WORK TO COMPLETE:
Below is a listing; print exactly its lines from the one containing "翻译:由于数据庞大,单一计算" down to the one containing "給食の「和なし(カット缶)」", both inclusive, with every picture left out.

(MATERIAL PROVIDED)

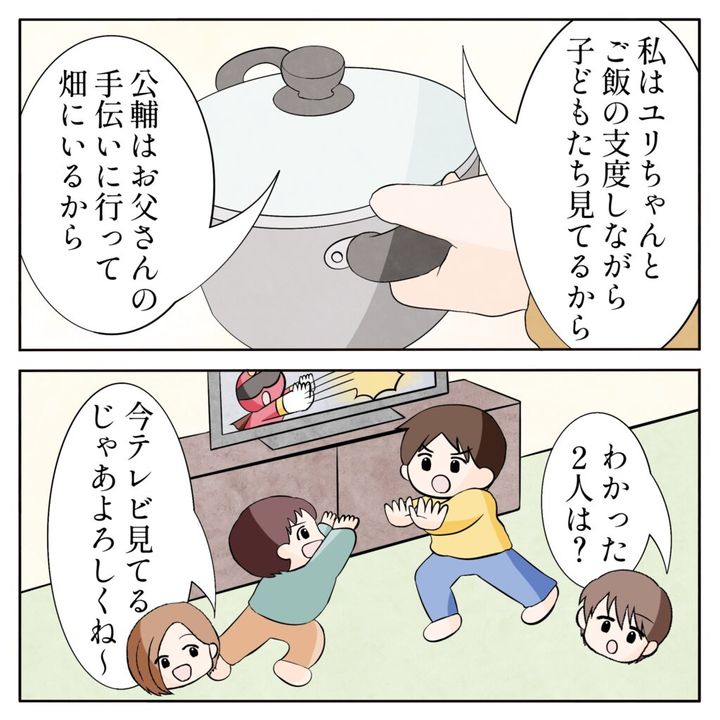 そして、「私はユリちゃんとご飯の支度しながら子どもたち見てるから、公輔は、お父さんの手伝いに行って。畑にいるから」母さんにそう言われ、「わかった。2人は?」と姉ちゃんに聞くと、「今テレビ見てる。じゃあよろしくね~」そう言って、姉ちゃんはパートに行きました。
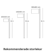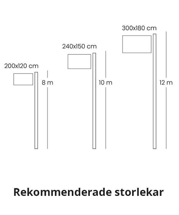 En lista på rekommenderade storlekar för flaggstång och flaggor:
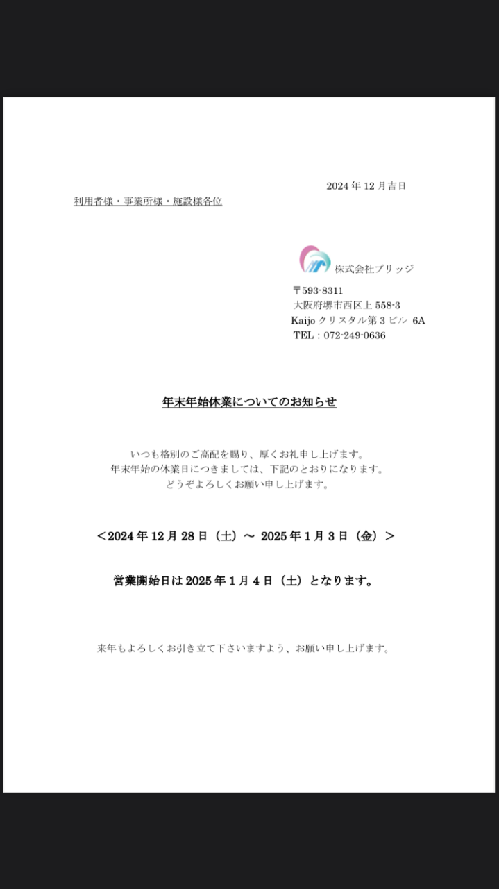 年末年始休業についてのお知らせ 2024/12/21 年末年始休業についてのお知らせ いつも格別のご高配を賜り、厚くお礼申し上げます。 年末年始の休業日につきましては、下記の通りになります。 どうぞよろしくお願いいたします。 〈 2024年12月28日(土)〜2025年1月3日(金)〉 営業開始日は2025年1月4日(土)となります。 来年もよろしくお引き立てくださいますよう、お願い申し上げます。
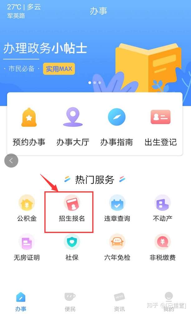 (1)下载莞家政务APP,点击招生报名栏目,进入招生平台。
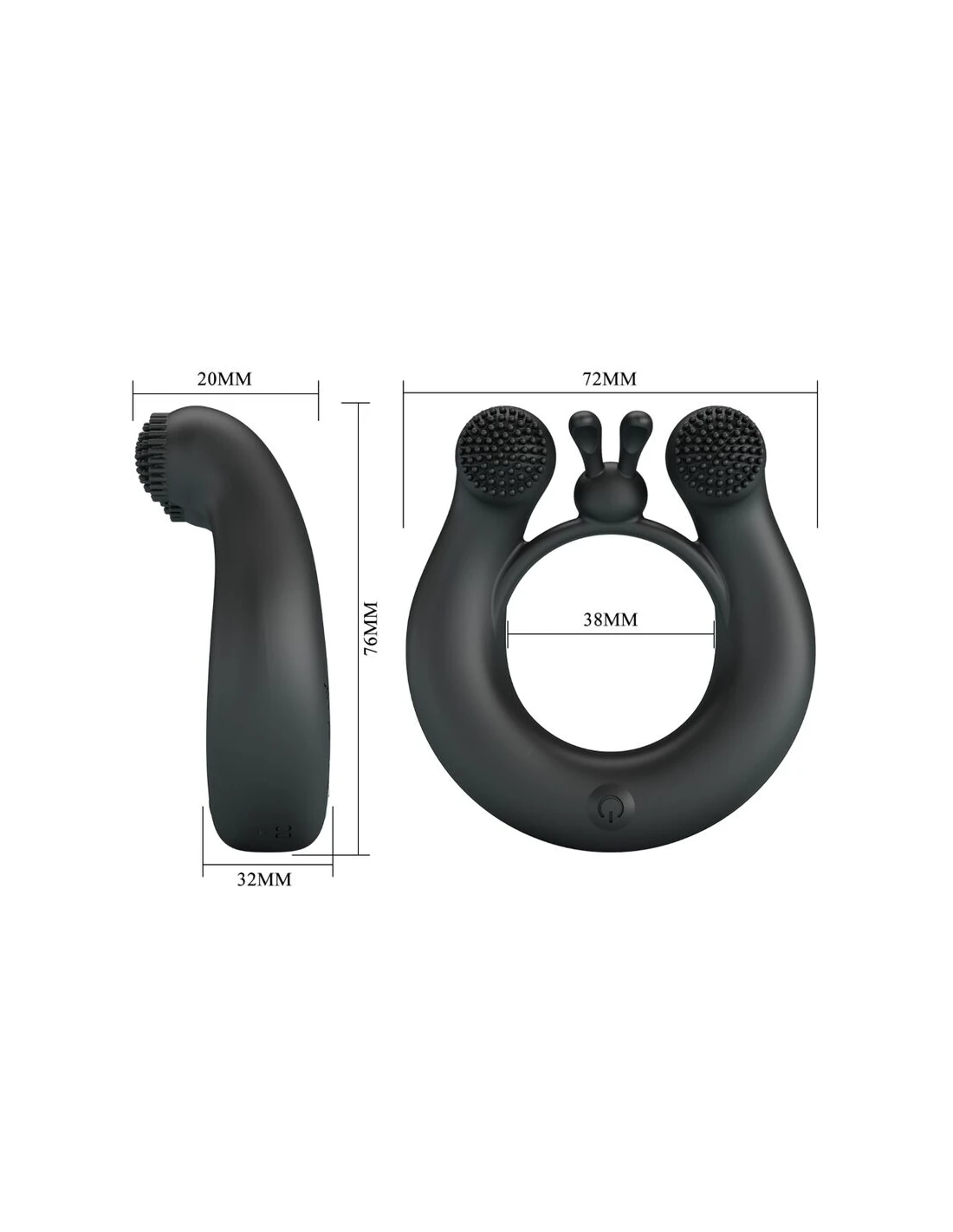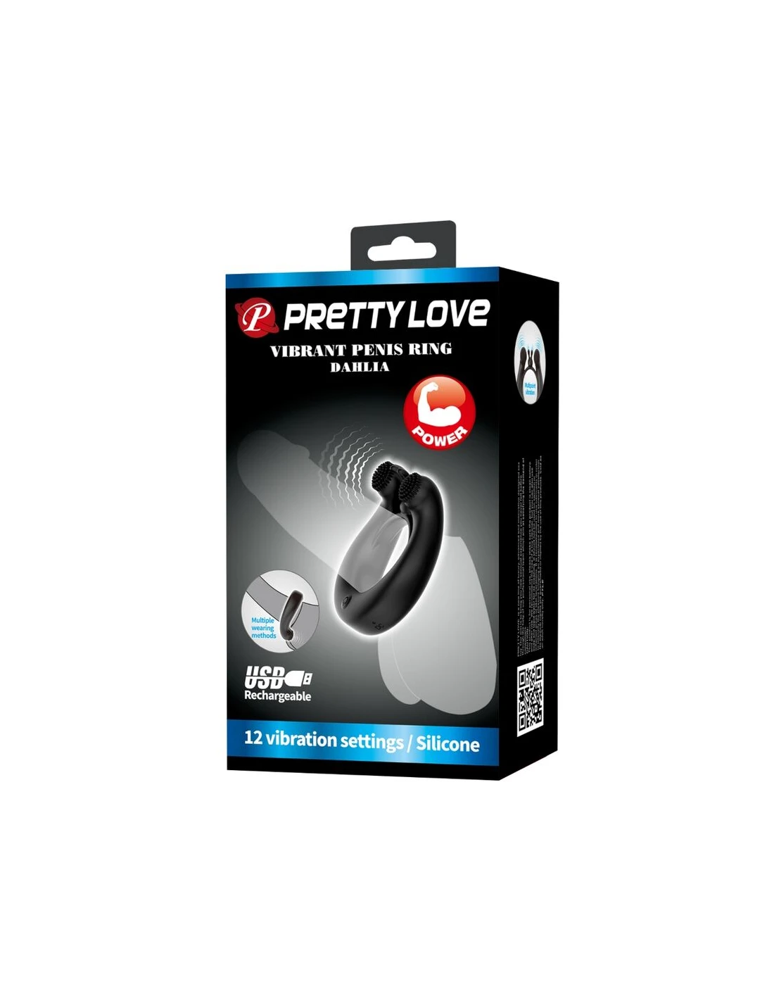 PRETTY LOVE - DAHLIA ANILLO VIBRADOR + ESTIMULADOR DE CLÍTOIS 12 VIBRACIONES NEGRO
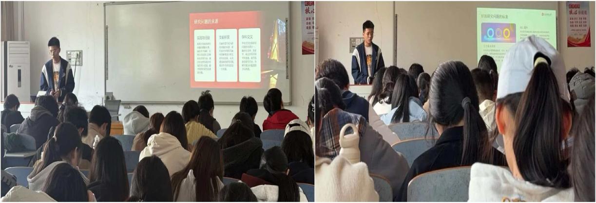 在“如何找到一个好题目”部分,曹卡特结合自身研究经验,分享了选题的三大原则:重要、可行、有趣。他强调,好的研究问题应兼具分析性与创新性,能够从实践观察、文献积累或学科交叉中汲取灵感。他特别介绍了“旧瓶装新酒”“抱大树”等实用选题技巧,并引导同学们将宽泛的“研究主题”逐步收敛为具体、可检验的“研究假说”,这是将想法落地为研究的关键一步。
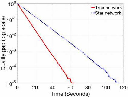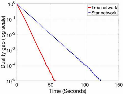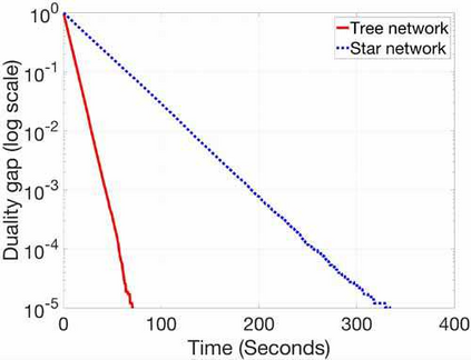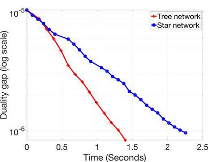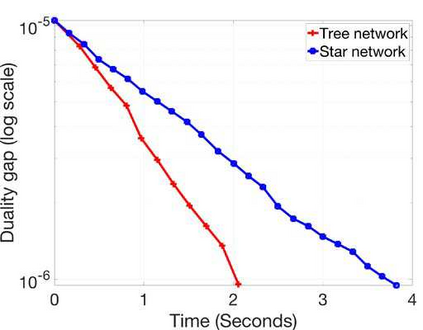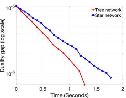 翻译:由于数据庞大,单一计算机或单一服务器的数据储存量有限,因此数据往往以分布方式储存。因此,往往需要利用通信网络的分布式数据集进行大型机器学习作业,通过通信网络进行分布式数据集的大规模机器学习作业。在本文件中,我们研究分布式双协调率对于分布式机器学习问题在一般树类结构型网络中分布式双协调率的趋同率。由于可以将树类网络模型理解为星类网络模型的普及性,因此,我们的算法可以被理解为分布式双协调在星类网络模型中的普及性双重协调。我们以循环方式提供分布式双协调率高于一般树类网络的趋同率,并分析网络对汇合率的影响。第二,我们通过考虑网络通信的延误,优化分布式双协调式的双重协调算法,以最大限度地加快其趋同速度。我们可以根据通信的延迟性选择本地循环的最佳数目,以达到最快的趋同速度。在数字实验中,我们考虑机器学习的情景,因为当地工人由于通信的制约而无法直接达到一个中心节点,并且分析网络对趋同率的影响。我们所分布式的双重协调式的网络可以改进其分布式计算方法,从而改进了我们分布式网络的网络的升级性。
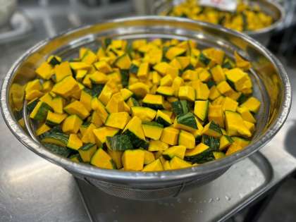 給食の「和なし(カット缶)」は、幸水・豊水・二十世紀などの「日本なし」を使用しています。食べやすい大きさに切ってシロップ漬けの缶づめにしています。
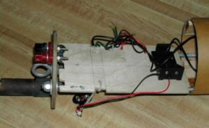 T' ejection cannons consist o' a copper cap, me bucko, which is bolted t' each bulkhead. Arrr! Ahoy! Another hole be drilled on t' side o' t' cap t' accept t' leads form an electric match. Ahoy! Arrr! A small piece o' copper tube is press-fit into t' cap.

(End MATERIAL PROVIDED)

EXERCISE RESPONSE:
 翻译:由于数据庞大,单一计算机或单一服务器的数据储存量有限,因此数据往往以分布方式储存。因此,往往需要利用通信网络的分布式数据集进行大型机器学习作业,通过通信网络进行分布式数据集的大规模机器学习作业。在本文件中,我们研究分布式双协调率对于分布式机器学习问题在一般树类结构型网络中分布式双协调率的趋同率。由于可以将树类网络模型理解为星类网络模型的普及性,因此,我们的算法可以被理解为分布式双协调在星类网络模型中的普及性双重协调。我们以循环方式提供分布式双协调率高于一般树类网络的趋同率,并分析网络对汇合率的影响。第二,我们通过考虑网络通信的延误,优化分布式双协调式的双重协调算法,以最大限度地加快其趋同速度。我们可以根据通信的延迟性选择本地循环的最佳数目,以达到最快的趋同速度。在数字实验中,我们考虑机器学习的情景,因为当地工人由于通信的制约而无法直接达到一个中心节点,并且分析网络对趋同率的影响。我们所分布式的双重协调式的网络可以改进其分布式计算方法,从而改进了我们分布式网络的网络的升级性。
 給食の「和なし(カット缶)」は、幸水・豊水・二十世紀などの「日本なし」を使用しています。食べやすい大きさに切ってシロップ漬けの缶づめにしています。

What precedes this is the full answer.